One such dreamer is Modesta Flor, who created new opportunities for herself and her family in the town of Carayaó, where she and her husband live with their eight children. Flor used her seed money to buy medicinal herbs, along with small plastic bags and cardboard for packaging, to sell the packets in the local market.
But this was just a stepping stone toward her goal of starting a home-based bakery. She used earnings from the herb sales to take baking lessons. She also started fulfilling small baking orders at home in the afternoon and selling her cakes in the market on Saturdays. With her plate becoming so full, her husband took over the herb business.
Basic government safety nets transferring cash to families ensure a minimum level of well-being and prevent a slide into deeper poverty, Rincón said, but they rarely allow families to escape extreme poverty altogether. “Our goal is not to end the cash transfers, but to add graduation programs to the mix — I’m a huge advocate of both,” she said. “In this way, we can break the intergenerational transmission of poverty. When women have access to economic opportunities, they become more resilient and able to weather crises. If they don’t receive the government stipend in time, they can still provide for their families.”
Addressing ingrained barriers to gender equality: Igualdapp
Women make up 80% of graduation program participants because they are among the poorest of the poor, Rincón said. She marvels at the resourcefulness and creativity that is unleashed when people are given a chance.

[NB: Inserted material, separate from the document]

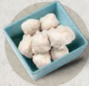
squid ball 花枝丸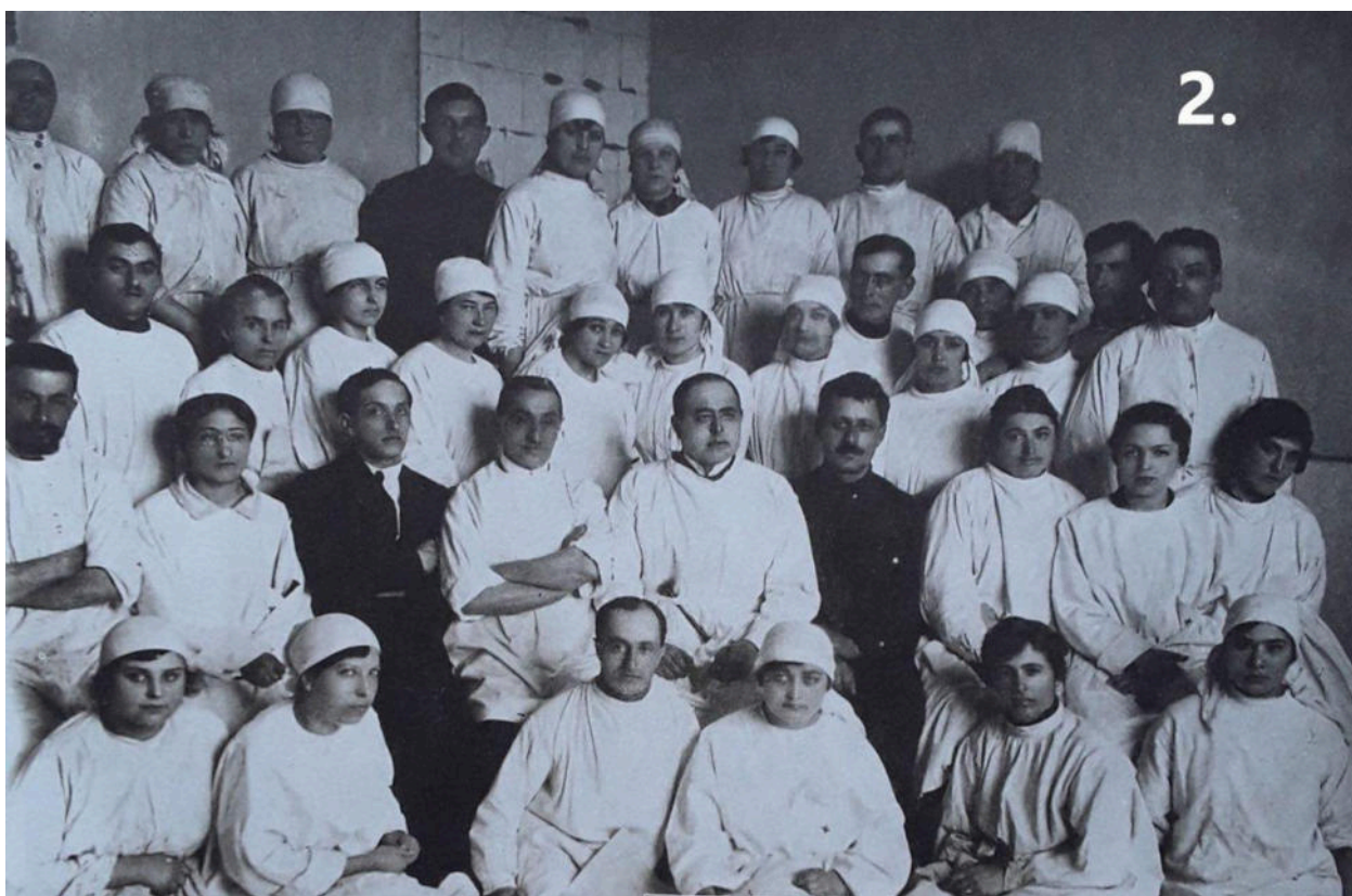
2. Вінницька робітничка лікарня, 1 квітня 1923 року

Although the programs created employment opportunities and improved women’s access to income, they did not necessarily change the restrictive attitudes, beliefs and practices about gender roles that undermine equality. For example, barriers such as the disproportionate responsibility for unpaid care and domestic work that falls on women can inhibit their economic empowerment. Unequal power relations between men and women, including intimate partner violence, can also diminish women’s control over resources. These social norms can lead graduation programs to have unintended negative effects when women’s burgeoning income-earning work puts more pressure on them in addition to the unpaid work they do and when it rocks existing power relations in households.
Thanks to IDRC-supported research on these issues, graduation programs — including the one in Paraguay — provide training for participants on gender equality and incentives to form savings groups that offer mutual support for members, among other innovations.
Fundación Capital developed Igualdapp, an interactive tablet-based application, that takes users through stories, insights and activities designed for them to understand the unequal distribution of domestic and care-giving tasks, the importance of sexual and reproductive health rights and signs of violence against women and children. The research findings have shown that the app, launched in 2020, contributed to shifts in gender norms, particularly in attitudes toward the sharing of domestic and unpaid care responsibilities.
By addressing restrictive social norms and unequal power relations between men and women, graduation programs can promote truly sustainable transformations for women, men and communities at large.
These important anti-poverty efforts can not only support women’s economic empowerment but also address other barriers that stand in their path. The ultimate goal is to further improve the graduation approach so that it can be a strong force for shared prosperity as it is scaled up to reach millions of the world’s poorest people.